In Talk/Together’s deliberative discussions, people talked about Brexit in the past tense, and could disagree more civilly about it now.
“I voted to remain. And I know a lot of friends did, a lot of people around me did. However, what’s done is done.
I think we now all understand that it’s not the result we would have wanted, but it’s obviously what has happened,” one Remain voter in the North-East of England said.

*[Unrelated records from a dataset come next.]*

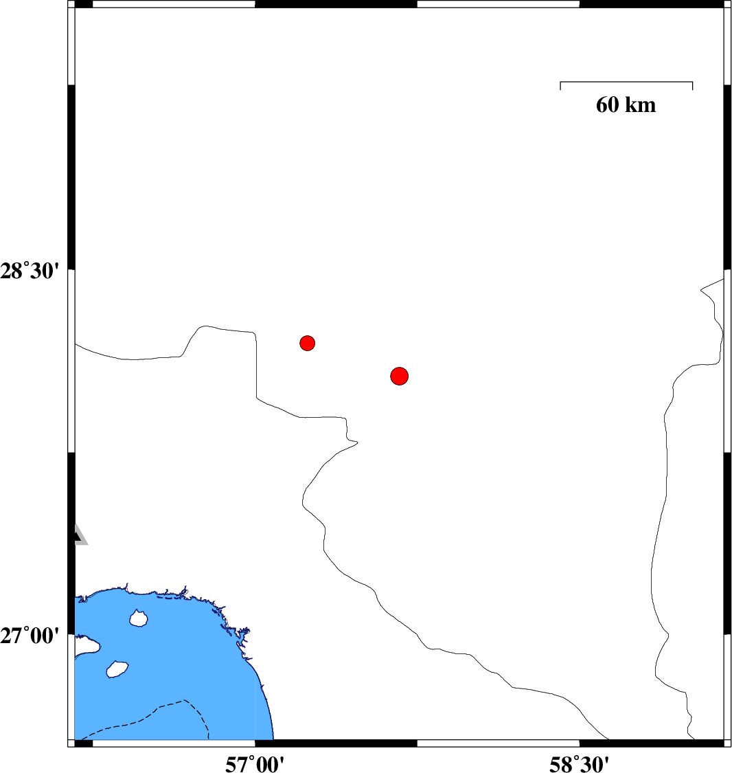 | 2025/12/07 | 09:48:43.6 | 13:18:43.6 | 28.063 | 57.667 | 12 | ML:3.7 | Kerman Province, 13 km North of Kahnuj | ||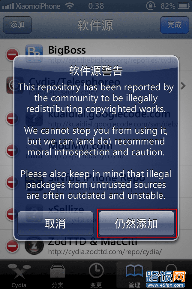 编后语:以上就是关于Cydia如何安装软件 Cydia软件源添加图文教程,其实挺简单的,总结起来就打开【Cydia】-【管理】-【编辑】-【添加】-【输入源地址】-【添加源】,然后按照提示操作即可。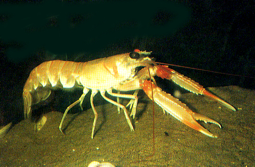 Vive da 20 a 400 m di profondità (più frequente a partire dai 200-300 m) su fondali fangosi, ove scava gallerie come rifugio.
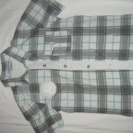 Рубашка серая в клетку: 30 грн., на спине серая вставка с надписью,длина 55 см, ПОГ 40 см, хлопок 95% + эластан 5%.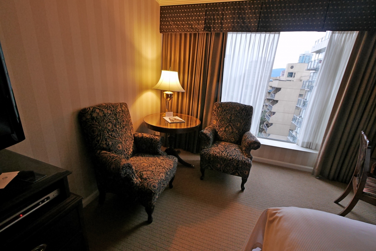 Sutton Place Hotel Vancouverに5泊.97,670円,1泊19512円だが朝食別.ホテルはとてもシックで部屋は広く5泊してもなかなかよかった.風呂も大きく,シャワーが別なのがうれしい.ソファーと机もあり,仕事もできるしくつろげる.非常に良かった.ただし,朝食代別.チップこみ34ドルCAD 3113円と高い.でもコストベネフィットは良いホテルだった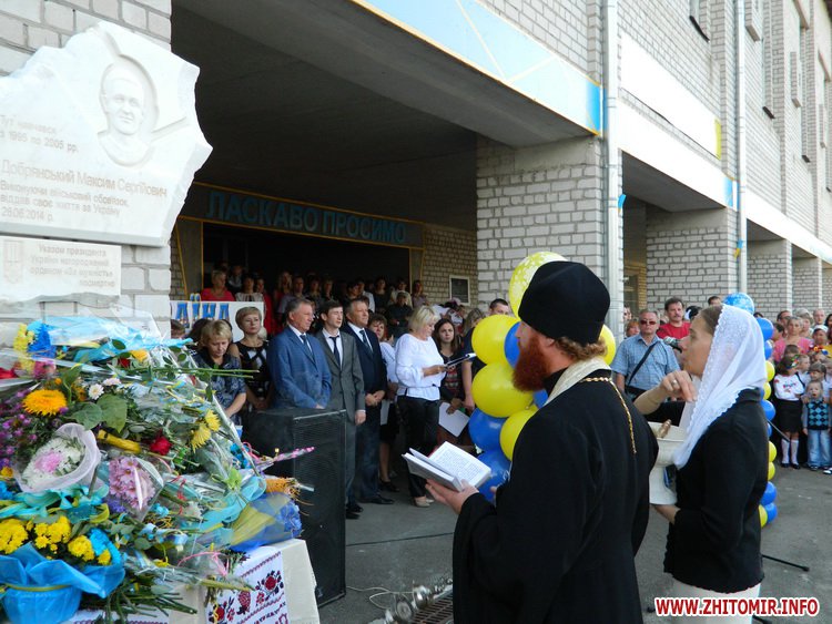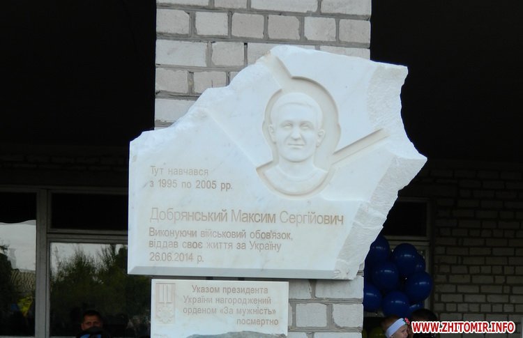 1 вересня в райцентрі Коростишів Житомирської області відкрили меморіальну дошки Максиму Добрянському, який загинув під час виконання службового обов’язку в зоні АТО.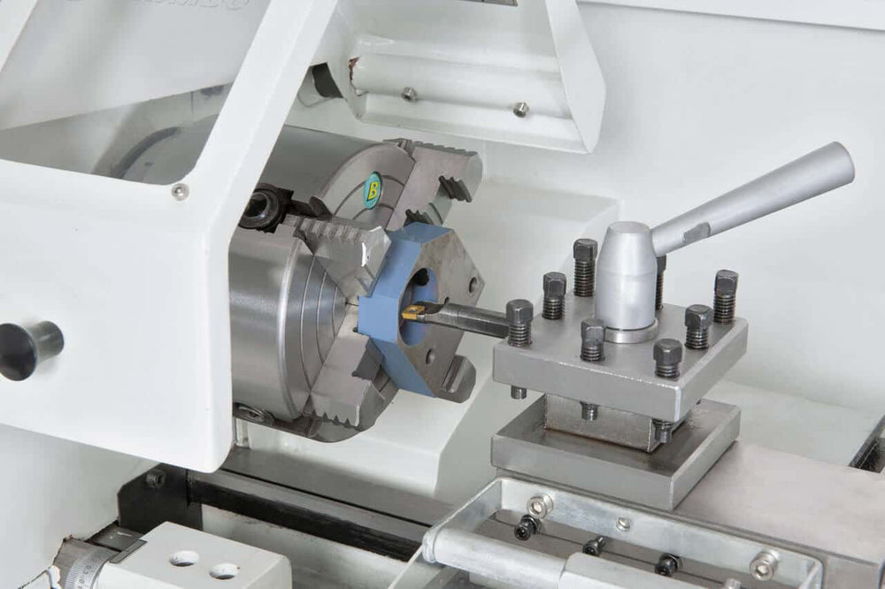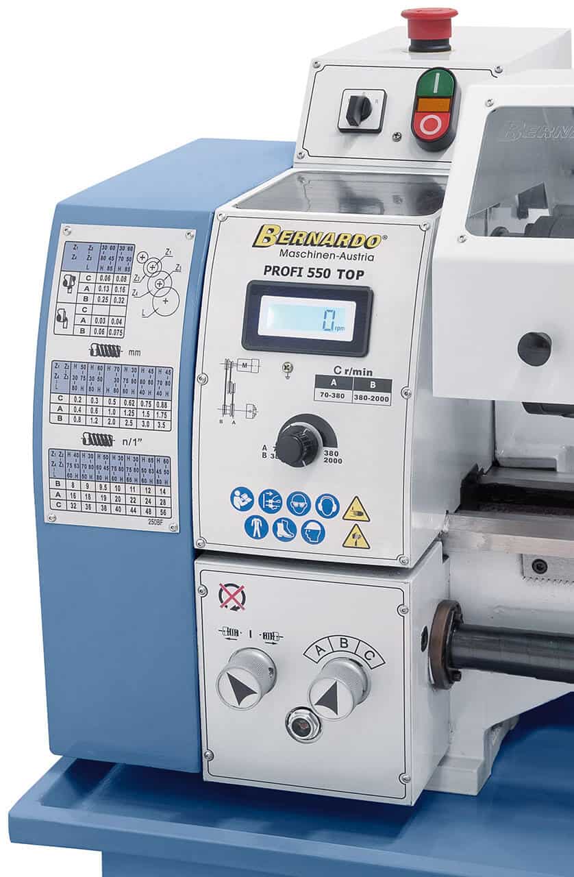 Il tornio Bernardo Profi 550 Top è progettato per garantire precisione e affidabilità in uno spazio compatto. Con una distanza tra le punte di 550 mm e un’altezza punte di 125 mm, permette la lavorazione di pezzi di piccole e medie dimensioni. Il mandrino a 3 griffe da 125 mm, il convertitore di frequenza integrato e l’indicatore digitale di velocità assicurano un controllo accurato durante ogni operazione. La gamma di velocità continua (70–2000 giri/min) e le numerose filettature metriche e in pollici lo rendono versatile e adatto a diverse applicazioni meccaniche. Grazie al peso contenuto di 137 kg, è facilmente installabile anche in spazi ridotti, senza rinunciare a stabilità e prestazioni. Ideale per officine artigianali e hobbisti avanzati, il Profi 550 Top coniuga tecnologia, sicurezza e qualità costruttiva Bernardo.
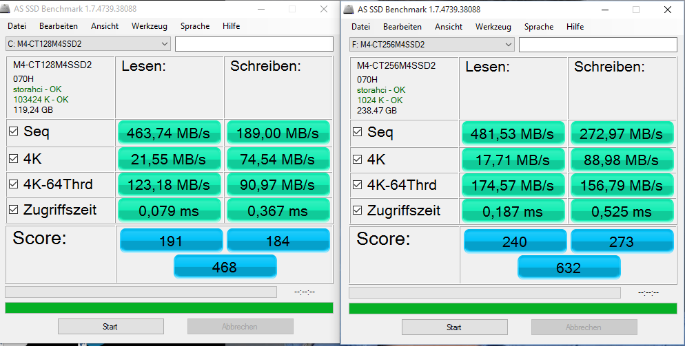 Es sind eben immer kurze Einbrüche bei denen die SSD mit kleinsten Schreib- Leserate voll ausgelastet wird. Vlt. ja doch software bedingt, aber welcher Prozess dann?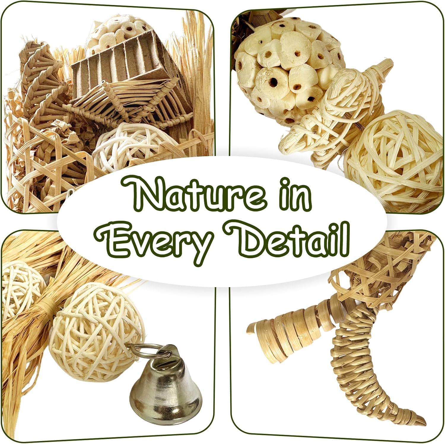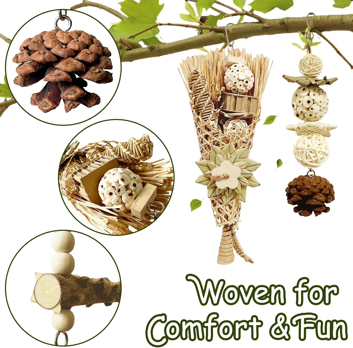 • All-Natural Materials, No Plastic or Dye: Crafted from bamboo, rattan balls, wooden beads, prickly ash wood, sola balls, pine cone, rattan column, and corn husk, this set of natural bird toys offers a safe and engaging chewing experience. No harmful chemicals—just pure nature for your bird's beak.

A Leave voter, taking part in an East of England discussion, saw reconciliation taking more time. “I think that a lot of people have been very angry in the UK for all sorts of different reasons, including Brexit.
We all experience different things, grief, anger, frustration, it’s always a process of working through the feelings you have, before you can come to acceptance and move on. And I think, as a nation, we need to go through this.”
Britain has a patchwork of political tribes. In terms of primary political identity, the ICM research suggests approximately 8.5 million Conservatives and 8 million Labour voters; around 6 million who identify primarily as Remain and 5.5 million as Leave; over 2 million who identity as pro-independence and a similarly-sized group who care most about the UK; about 2 million Greens and a million Liberal Democrat party identifiers.
The 10 million with no political identity are a mixed group of swing voters, the politically homeless and the disengaged.
Many may rarely see the point of voting in elections, though the 2016 turnout showed how they can change the outcomes when they do.
Each tribe plays a significant part in shaping the culture of our public conversation – yet all have insufficient support to achieve their primary goals without leadership that can mobilise within its political tribe and beyond it too.
Maybe the call to “disagree better” in politics need not be a futile call from no man’s land – but one way for the various political tribes to seek the broader support that it would need in order to prevail.